# GIVEN DATA:
>>>>>

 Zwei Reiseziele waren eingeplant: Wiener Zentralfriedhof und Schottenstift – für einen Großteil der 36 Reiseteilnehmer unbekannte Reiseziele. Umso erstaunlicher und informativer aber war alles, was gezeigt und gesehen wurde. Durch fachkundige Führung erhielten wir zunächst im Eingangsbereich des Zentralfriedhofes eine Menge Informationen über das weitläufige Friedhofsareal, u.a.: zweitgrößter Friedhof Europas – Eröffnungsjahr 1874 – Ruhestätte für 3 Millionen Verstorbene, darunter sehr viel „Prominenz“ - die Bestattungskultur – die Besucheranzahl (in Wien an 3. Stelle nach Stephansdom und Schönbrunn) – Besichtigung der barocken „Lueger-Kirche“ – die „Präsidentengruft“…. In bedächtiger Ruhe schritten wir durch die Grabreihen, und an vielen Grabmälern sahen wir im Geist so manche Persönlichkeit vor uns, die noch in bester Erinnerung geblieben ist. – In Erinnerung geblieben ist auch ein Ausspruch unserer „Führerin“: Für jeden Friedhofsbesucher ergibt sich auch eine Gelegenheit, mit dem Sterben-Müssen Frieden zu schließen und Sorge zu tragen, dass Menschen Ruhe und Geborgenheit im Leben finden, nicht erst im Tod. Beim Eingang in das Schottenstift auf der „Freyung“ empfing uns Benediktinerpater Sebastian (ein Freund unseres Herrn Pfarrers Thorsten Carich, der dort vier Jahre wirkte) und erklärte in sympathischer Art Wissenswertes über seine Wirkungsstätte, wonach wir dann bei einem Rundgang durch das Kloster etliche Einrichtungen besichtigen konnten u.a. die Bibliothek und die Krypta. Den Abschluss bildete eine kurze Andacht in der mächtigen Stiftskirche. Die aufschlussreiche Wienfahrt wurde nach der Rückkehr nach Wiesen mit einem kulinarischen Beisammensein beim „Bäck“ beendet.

<<<<<
>>>>>

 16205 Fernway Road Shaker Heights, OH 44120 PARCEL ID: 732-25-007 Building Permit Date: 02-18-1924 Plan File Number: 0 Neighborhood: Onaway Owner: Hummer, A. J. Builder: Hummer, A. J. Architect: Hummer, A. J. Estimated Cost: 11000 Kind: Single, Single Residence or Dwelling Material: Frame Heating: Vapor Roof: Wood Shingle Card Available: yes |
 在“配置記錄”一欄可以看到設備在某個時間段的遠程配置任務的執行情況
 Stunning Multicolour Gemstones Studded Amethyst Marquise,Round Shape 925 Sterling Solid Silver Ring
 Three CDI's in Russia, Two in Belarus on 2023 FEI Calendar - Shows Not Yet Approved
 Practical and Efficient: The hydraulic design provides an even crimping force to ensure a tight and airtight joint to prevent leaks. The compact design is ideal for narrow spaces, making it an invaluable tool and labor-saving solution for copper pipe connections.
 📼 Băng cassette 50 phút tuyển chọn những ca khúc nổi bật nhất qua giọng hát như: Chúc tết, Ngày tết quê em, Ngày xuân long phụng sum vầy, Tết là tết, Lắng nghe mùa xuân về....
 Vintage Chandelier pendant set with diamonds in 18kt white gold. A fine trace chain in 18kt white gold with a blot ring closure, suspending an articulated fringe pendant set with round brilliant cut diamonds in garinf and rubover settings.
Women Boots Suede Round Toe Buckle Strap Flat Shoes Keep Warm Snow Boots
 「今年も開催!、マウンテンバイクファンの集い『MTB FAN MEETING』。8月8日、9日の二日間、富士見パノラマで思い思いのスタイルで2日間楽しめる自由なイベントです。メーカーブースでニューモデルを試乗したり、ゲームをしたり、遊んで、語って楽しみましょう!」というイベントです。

<<<<<
>>>>>

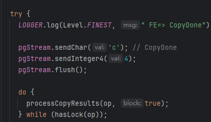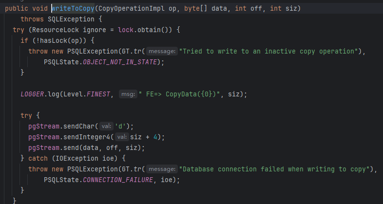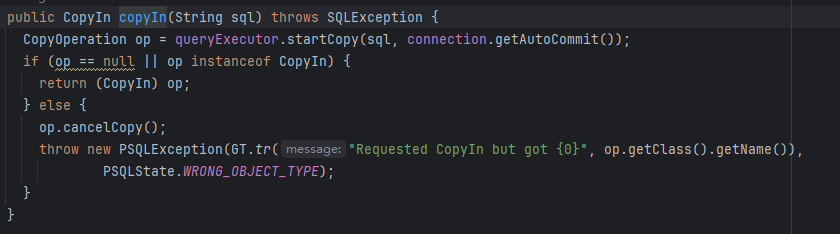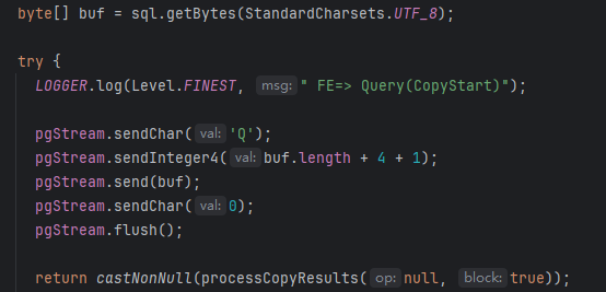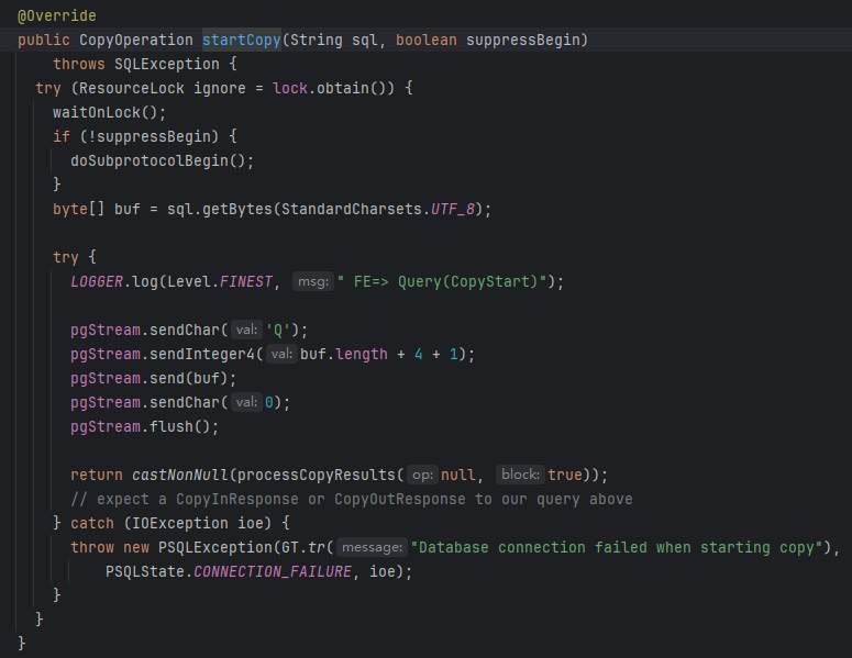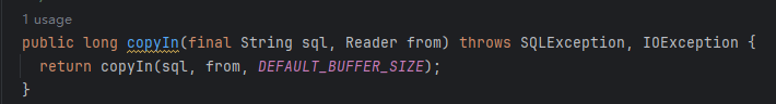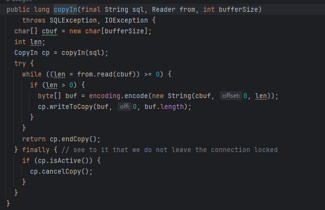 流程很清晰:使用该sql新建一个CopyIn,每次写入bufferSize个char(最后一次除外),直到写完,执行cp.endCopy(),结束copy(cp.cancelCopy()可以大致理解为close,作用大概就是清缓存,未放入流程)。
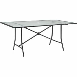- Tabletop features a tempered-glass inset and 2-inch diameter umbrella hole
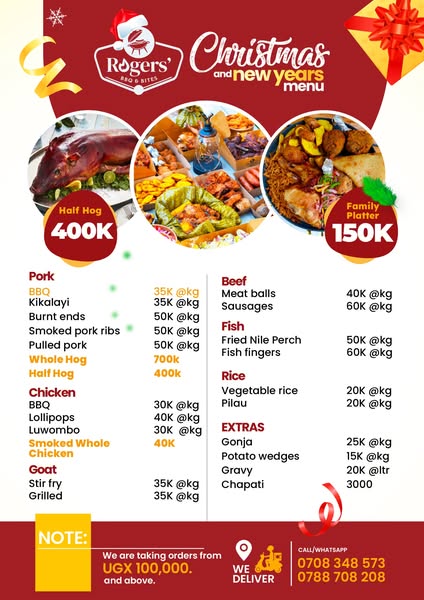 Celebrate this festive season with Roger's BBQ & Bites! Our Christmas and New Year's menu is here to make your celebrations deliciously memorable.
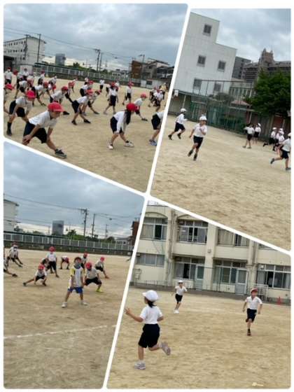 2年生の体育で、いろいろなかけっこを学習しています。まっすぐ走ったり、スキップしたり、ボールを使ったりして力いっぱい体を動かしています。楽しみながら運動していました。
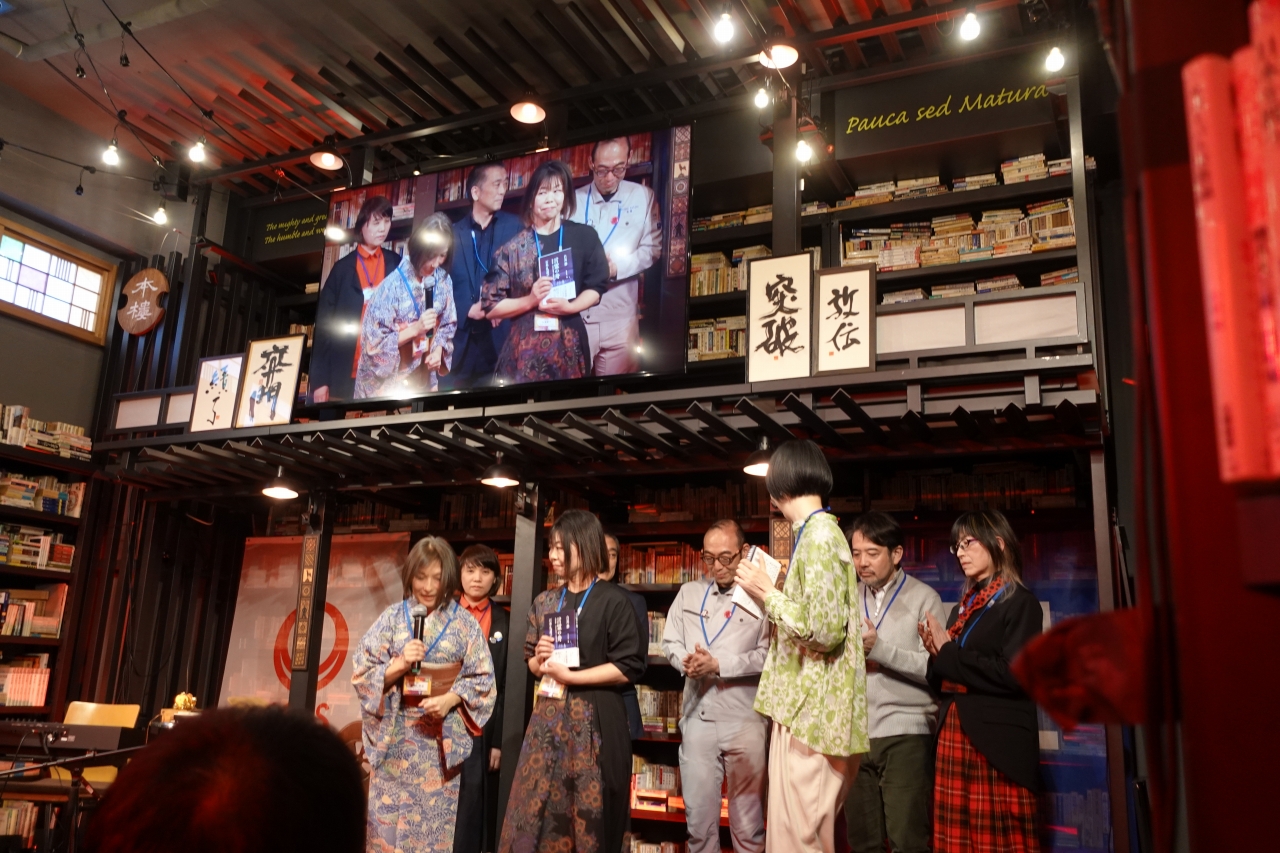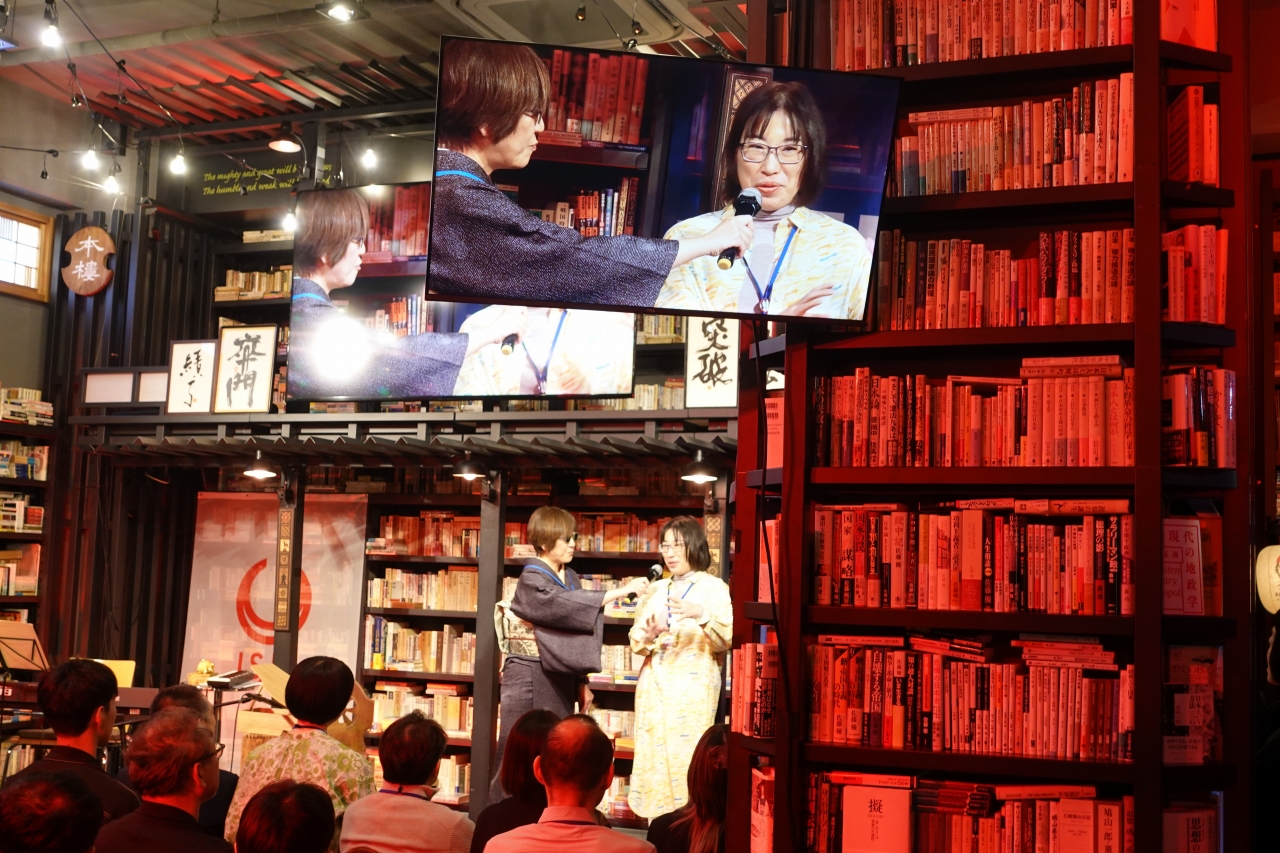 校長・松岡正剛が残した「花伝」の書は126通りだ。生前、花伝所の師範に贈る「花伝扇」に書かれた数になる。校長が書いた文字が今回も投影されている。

<<<<<

# WHAT TO DO:
Within the data above, the span starting at the line containing "Stunning Multicolour Gemstones" and ending at the line containing "Three CDI's in" is to be retyped exactly, with no other lines.

# ANSWER BOX:
 Stunning Multicolour Gemstones Studded Amethyst Marquise,Round Shape 925 Sterling Solid Silver Ring
 Three CDI's in Russia, Two in Belarus on 2023 FEI Calendar - Shows Not Yet Approved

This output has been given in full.